As colinas do norte não eram longe, mas pareciam outro mundo. O mato era alto, as trilhas confusas, e o ar cheirava a madeira queimada e abandono. Florencia andava com cuidado, perguntando aqui e ali, até que uma senhora lhe apontou uma cabana com o telhado torto, coberto de folhas secas.
— “Ele mora lá. Mas cuidado… tem dias que não reconhece nem o próprio nome.”
Flor se aproximou devagar. Bateu na porta de madeira com os nós dos dedos. Ninguém respondeu. Bateu de novo, mais forte.
A porta abriu-se com um rangido.
E lá dentro, sentado numa cadeira bamba, estava Bastião — velho, barba longa, olhos fundos como buraco de poço. Um copo de cachaça tremia em sua mão.
— “O que quer?”
Flor respirou fundo.
— “Saber a verdade sobre minha mãe. Aurora.”
O homem ficou em silêncio. Olhou pra ela por um momento que pareceu longo demais.
— “Você tem os olhos dela… e a boca do canalha que a engravidou.”
— “Então lembra.”
Ele virou o copo, limpou a boca com o braço sujo.
— “Como esquecer?”
Flor entrou. O lugar fedia a bebida e tempo. Sentou num banco de madeira, diante dele.
— “Me conte.”
Bastião passou a mão no rosto. Os olhos começaram a brilhar, mas não era de emoção. Era peso. Era culpa.
— “Naquela noite, me chamaram às pressas. Dona Verónica tava furiosa. Disse que tinha uma ‘indesejada’ fazendo escândalo no portão.”
— “Indesejada…”
— “Era sua mãe. Gritava. Dizia que ia parir ali mesmo se ninguém ajudasse. Eu pedi pra deixar entrar. Mas Verónica me deu um tapa. Disse: ‘Se ela morrer, melhor ainda’.”

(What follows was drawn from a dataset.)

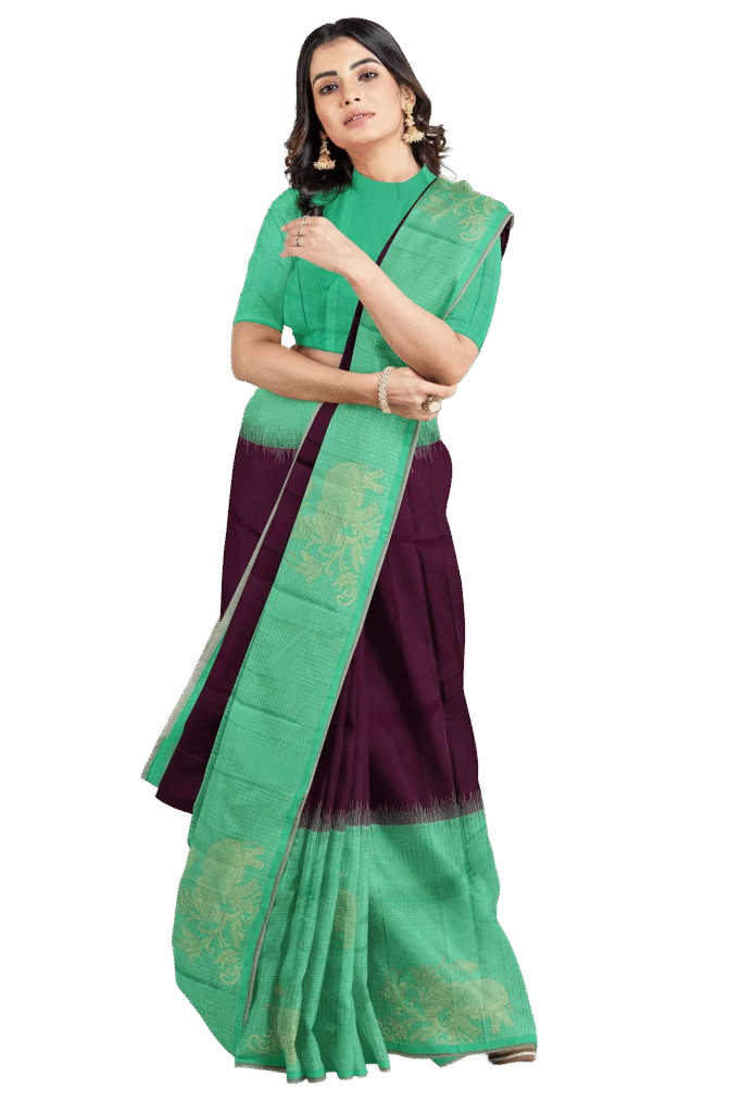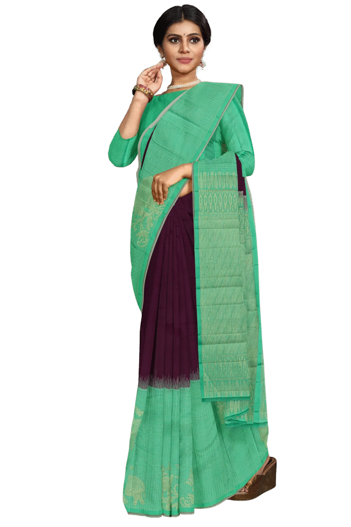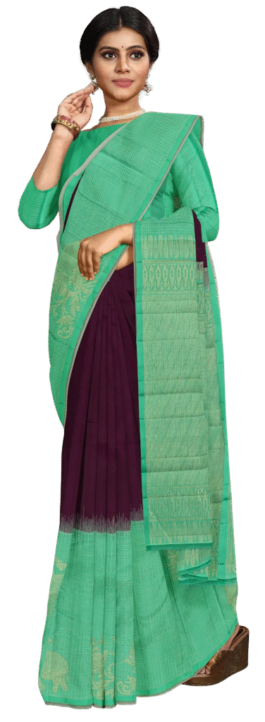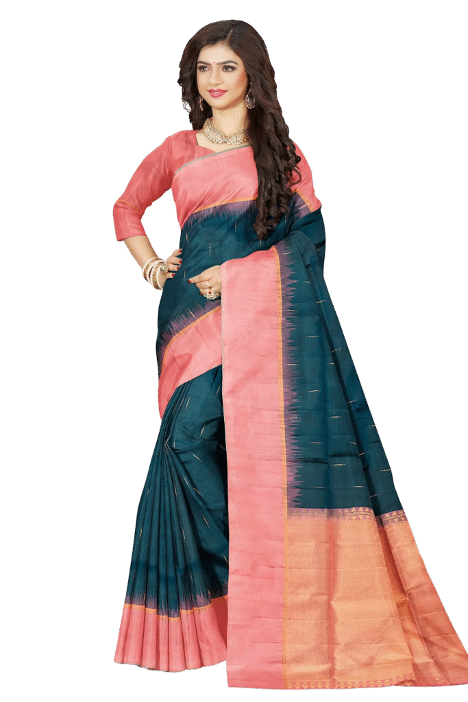 Earth and Aqua Elegance Handwoven Saree

Flor sentiu um nó subir na garganta.
— “E você fez o quê?”
— “Fiquei lá fora, escondido. Vi quando ela caiu. Quando o choro virou silêncio. Esperei a madrugada. E enterrei ela com minhas mãos, na beira do rio. Tava... fria.”
— “E o bebê?”
— “Você... já tinha nascido. Tava embrulhada num pano velho, chorando baixo. Achei que não ia viver. Mas você abriu os olhos… e me encarou. Aquilo me arrepiou. Deixei você na porta da velha Rosa, a parteira cega. Achei que era mais seguro.”
Flor levou a mão à boca. Parte da história que ninguém contava estava ali, desabada sobre ela como tempestade.
— “E por que nunca contou isso a ninguém?”
— “Porque eu sou covarde. E porque a família Montenegro pagou bem pra eu sumir.”
Silêncio. Só o vento, assobiando entre as frestas da cabana.
— “Tem alguma prova?”
Bastião olhou em volta. Apontou pra uma caixa velha de madeira num canto escuro.
— “Lá tem a fita azul da sua mãe. E o anel que ela usava. Escondi tudo. Como se guardar lembrança fosse compensar minha fraqueza.”
Flor se levantou, foi até a caixa. Tirou o lenço. Era gasto, mas ainda tinha o cheiro de sabão e tristeza. O anel era simples, de prata, com as iniciais "A.M." — Mariana Monteiro.
Ela o segurou como se fosse a própria mão da mãe.
— “Eu vou levar isso pra polícia”, disse ela.
Bastião soltou uma risada amarga.
— “Não vai dar em nada. Eles ainda têm amigos em todo canto. Mas talvez... se o povo souber…”
Flor olhou firme.
— “Eles vão saber. Eu juro.”
E saiu da cabana com o lenço e o anel. O sol já se punha de novo. O mesmo sol que, vinte anos atrás, havia se posto sobre o corpo da sua mãe.
Mas agora, a terra estava pronta pra gritar a verdade.